San Diego company offers bleeding control and other "uncomfortable" training sessions in light of mass shootings

In what some might call a sad sign of the times, bleeding control classes and active shooter training sessions could soon become as common as earthquake drills and learning CPR.

America's recent mass shootings have only underscored the importance of this particular form of preparedness, now taking shape with hands-on training sessions--such as the one held Thursday in a San Diego Gas & Electric conference room.

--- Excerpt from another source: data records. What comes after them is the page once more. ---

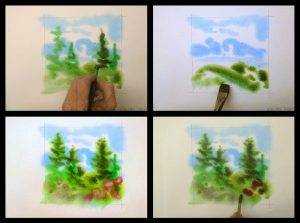 Данный метод подойдет для новичков, которые хотят овладеть навыками рисования красками и кистью. А рисовать мы будем небольшой пейзаж. Нам понадобится распылитель с водой, губка, лист бумаги, акварель и кисть.
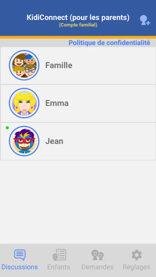 Le parent qui gère le compte est automatiquement ajouté à la liste d'amis de l'enfant. L'autre parent devra s'inscrire à KidiConnect (pour les parents), créer un compte séparé et demander à être ajouté à la liste d'amis de l'enfant.
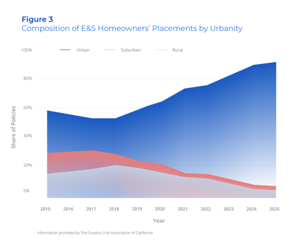 This is a market access story, and it may be the defining insurance challenge for California in the years ahead. The predominance of urban placements—combined with historically low exposure type—underscores that the market is absorbing mainstream homes rather than hazard‑exposed fringe properties. E&S is no longer an exception. It is becoming the default.
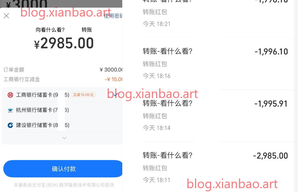 支付宝转小号或任意,使用山东工行实体卡,支付宝转账三次3000-15,5-6次2000-4左右
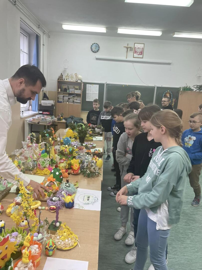 Pierwszy dzień naszej sprzedaży ozdób wielkanocnych był niezwykle owocny. Odwiedzili nas m.in. pan wójt Marcin Brzozowski oraz pani sekretarz Maria Bogdan. Zakupy zrobili też nauczyciele, pracownicy szkoły, pracownicy innych instytucji, uczniowie i rodzice. W akcji przez cały dzień dzielnie pomagał nam pan Kamil Pietruszewski z Rady Rodziców. Udało się zebrać ponad 1000 zł! Obiecujemy, że te pieniądze zostaną wykorzystane na coś, co przyda się dzieciakom. A to jeszcze nie koniec, bo spotykamy się też w poniedziałek i wtorek, i mimo, że wiele ozdób zostało już sprzedanych, nadal dostarczane są nowe. Doceniamy wkład, użyte materiały, energię, czas, a przede wszystkim Wasze ogromne serce.

Dozens of security professionals with the San Diego chapter of ASIS, American Society For Industrial Security, held their monthly meeting with a 2-hour training devoted entirely to active shooter response and mass casualty triage.

The security professionals in attendance represent some of our area's largest companies and organizations.

ASIS San Diego Chapter President Matt Klock organized the training session after returning home from the Route 91 Harvest Music Festival in Las Vegas where he witnessed the horror of the shooting first hand.

Attendees all applied tourniquets to their arms and neighbors' arms and then packed holes, similar to a bullet wound, with gauze.

The training run by Phokus Research Group is in itself proof of changing times.

Rob Hanna, who retired from Navy Special Operations, initially started the company to outfit our troops overseas in war with top of the line trauma kits. But now is working with local governments, businesses, and even schools.

"So you bring the conversation up with your family, you ask your kids, your spouse, 'What do we do if we hear gunfire?'" said Hanna. "You ask your co-workers 'What do we do if we're in the office and, God forbid, we hear gunfire, what's the plan?'"

The Phokus training team helps deliver the answers to those questions with expertise and products originally meant for the front lines of battlefields, but now all-too applicable at home.